I met Nolan Dalla when I was lucky enough to get hired to cover the 2007 World Series, which since my employer wasn’t allowed any real access or filming capabilities just meant I got to hang around in the press room and write some fun stories that weren’t really news. Now given my circumstances I should have used that time to try and leverage that opportunity into a job with a good poker site. Instead, I mostly decided to see if I could play poker for a living and lost more than the $5000 I was paid to be there.
I spent some fun time with Phil Laak, who is the nicest and most entertaining poker player I’ve ever met, and you can hit the above link to read about it and other stories from that experience.
The time best spent and the most luck I had was meeting Nolan Dalla.
Nolan Dalla was in charge of the press room. He was working very hard. He was very busy. He somehow still made time to talk to me.
People who do not like me will pejoratively call me a know it all. Most will nevertheless have to admit that even if I act that way (and that would be a fair debate) that indeed I know a lot.
Just the other day my mother asked me if there was anything I did not know, and I admitted that in fact I knew nothing about geography. If we play trivial pursuit together, I will get every slice of the pie almost immediately, and then lose to you failing to answer geography questions. Hilariously, my mom randomly mentioned Istanbul, to which I had to admit that I did know something about Istanbul, but the only reason I did was because of this.
Now Nolan knows perhaps more about everything than any single person I’ve ever met. He knows and witnessed epic stories about gambling and pre and post-corporate Las Vegas that he perhaps is the sole keeper of and if and when he is willing to tell those stories. He co-wrote one of the best books I’ve ever read, One of a Kind: The Rise and Fall of Stuey ‘The Kid’ Ungar, The World’s Greatest Poker Player”.
I asked him two questions about Ungar and he gave me two perfect and in the second case a hilarious answer.
One: I wanted his thoughts on the highly panned Michael Imperioli vehicle “High Roller: The Stu Ungar Story.” which I too thought was bad except for one brilliant gin scene that probably never took place with Pat Morita, that showed both Ungar’s genius and his reckless nature as a gambler. Nolan, which he did not reveal to me, was actually at that time trying to do a better one, and to his credit he did not care about how much money he made on it.
He just wanted a good, well financed movie to actually be made on the subject. Now had nearly anyone else made that claim, I would have called bull shit, but I would never say that about Nolan, because despite the limited time I’ve spent in his presence, in that time I became fully convinced of the man’s true integrity. What he did tell me, which is also telling of his efforts to get that film made in the above link was that he thought that John Leguizamo was the perfect person to portray Stu Ungar.

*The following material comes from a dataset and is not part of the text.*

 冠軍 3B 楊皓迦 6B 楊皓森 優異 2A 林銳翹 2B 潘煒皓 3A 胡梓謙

Two: In his book, you will learn that Stu, who is pretty much by consensus the greatest gin player of all time (although also perhaps the worst hustler of all time) from 1978-1979 entered five gin tournaments and won three. In the other two he placed in the top four, and in one of those he did not win because he did not show up for the semifinal. He was then banned from those gin tournaments. Naively, I asked Nolan how they could ban someone for being too good, and his response, which I am paraphrasing from memory was like I said both funny and sad. “What you have to understand is that those gin tournaments were set up by mostly rich retirees looking mostly to have a good, relaxing time. Stu entered those tournaments and thrashed everyone he played and while doing it he berated his opponents incompetence constantly and as viciously as only he could! So they banned him.”

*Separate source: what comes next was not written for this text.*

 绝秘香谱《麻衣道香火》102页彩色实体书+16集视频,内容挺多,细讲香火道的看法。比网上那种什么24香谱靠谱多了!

So I talked to Nolan as much as I could given the amount of time his busy, hard working schedule allowed. Had it been up to me I would have spent the entire time I was there doing nothing, but talking to Nolan and saved over $5,000. Hell, I would have paid him $5,000 dollars for the amount of time he did spend talking to me. He can talk knowledgeably and entertainingly about anything, and if you are indeed fortunate he will do so with you.

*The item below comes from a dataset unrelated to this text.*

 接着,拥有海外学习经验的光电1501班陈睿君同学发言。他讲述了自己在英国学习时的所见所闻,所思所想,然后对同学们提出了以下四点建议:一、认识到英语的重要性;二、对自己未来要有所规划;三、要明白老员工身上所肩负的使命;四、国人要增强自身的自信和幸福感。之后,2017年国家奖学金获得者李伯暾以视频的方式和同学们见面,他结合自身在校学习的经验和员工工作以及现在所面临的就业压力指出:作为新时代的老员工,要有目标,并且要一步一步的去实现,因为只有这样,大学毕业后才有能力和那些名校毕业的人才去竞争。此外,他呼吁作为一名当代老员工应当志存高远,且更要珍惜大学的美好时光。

Paul McCartney and Ringo Starr were in town to launch off the Cirque du Soleil show “Love,” and we talked a lot about the Beatles, and of course, there is nothing I enjoy more than talking about the Beatles especially with someone who knows and loves them as much as me. We talked about a lot of things and I enjoyed every second of it.
Something even more special me, especially given how many people the man has met in his life and that list easily includes many thousands who have achieved more and been more memorable than me, a few years later I conned my way back into the WSOP press room hoping to see him again. He was there and he instantly remembered me, which was amazing and touched me as much as nearly anything has touched me in my life.
I haven’t been in his presence since that day. Facebook, as evil as it is, is still the best way for me to find and keep in touch with people who were once and are still now special to me, and it’s let me keep up with Nolan, so no matter how much of my personal data they’ve accumulated and used for evil purposes, I have that and to me it’s been worth it.
Nolan has a great blog , I’m sure it gets way more hits than mine, which it should. Nolan is going to do a long range project in which he picks his list of 100 essential albums and will apparently go into detail explaining why they are essential, which I’m sure he will do exceptionally. To my great honor he dared me to do the same.
Now “essential” album lists are fine, it’s mostly something a guy from Esquire will compile with much research from the internet, and probably will include a lot of albums that writer has never heard. Nolan and I could likely make our list in a closet with no internet access off the top of our heads. Yes, I’m jealous that the people who write these lists often do so with much internet research over a frenzied few days, while I usually just write about what I dig from the years I scoured libraries reading things on microfilm and spending money I barely had to listen and decide on my own with my own ears.
Now as to essential, that’s a hard word for me to define. Historical impact or quality is one question I’d ponder, but in the end it will be what is essential to me.
I know a ton of music going back to at least 1900. Nolan didn’t specify genre, but I don’t listen to classical (too many different versions of the same masterworks that vary in quality based on which recording of it you hear and who did it), jazz (I know a lot, but there is indeed a lot and I mostly just know what I love the best. A a guy once asked me what the consensus best jazz album of all time was and when I said “Kind of Blue,” he thought I said “Kind of Blew.” My favorite Jazz album? John Coltane’s “Giant Steps,” and I had to listen to it at least 15 times before I understood and really hear it properly.)
So I will mostly concentrate on what I know best post Elvis rock and roll, pop, rhythm and blues, and anything that may have emanated from it which will include rap.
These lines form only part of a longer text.